#### Work order:
Return the data exactly, apart from leaving out the pictures.

====== Collected material

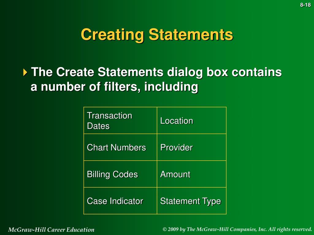 Creating Statements • The Create Statements dialog box contains a number of filters, including
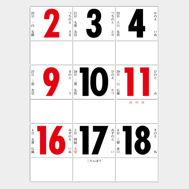 見やすい3色文字-機能性を重視し、多彩な暦の情報を掲載
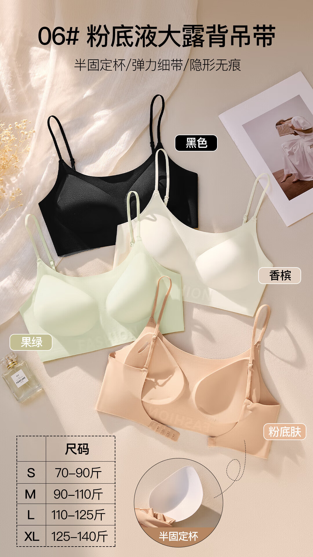 雅鹿内衣女粉底液无痕隐形美背吊带一体式U领防走光抹胸文胸白T恤神器 隐形肤+黑色 M (90-110斤)
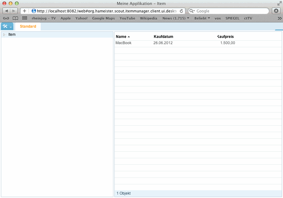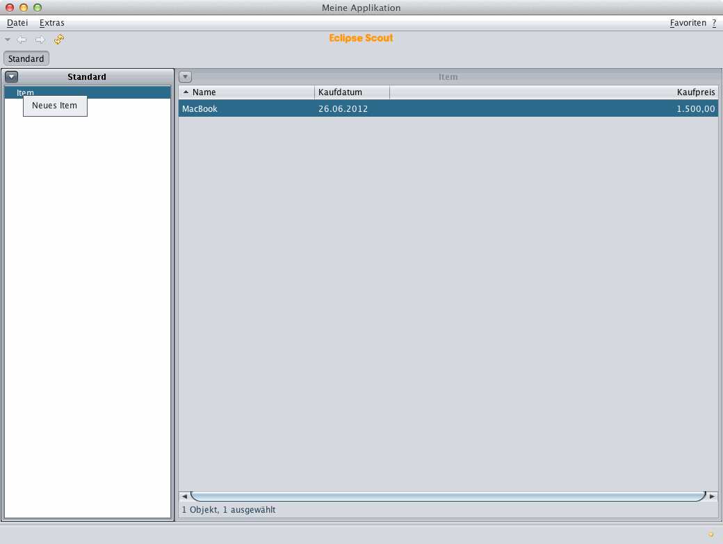 Zum Anlegen eines neuen Item wird ein Menü-Punkt auf der Linken seinen angeboten.

============

#### Written answer:
 Creating Statements • The Create Statements dialog box contains a number of filters, including
 見やすい3色文字-機能性を重視し、多彩な暦の情報を掲載
 雅鹿内衣女粉底液无痕隐形美背吊带一体式U领防走光抹胸文胸白T恤神器 隐形肤+黑色 M (90-110斤)
 Zum Anlegen eines neuen Item wird ein Menü-Punkt auf der Linken seinen angeboten.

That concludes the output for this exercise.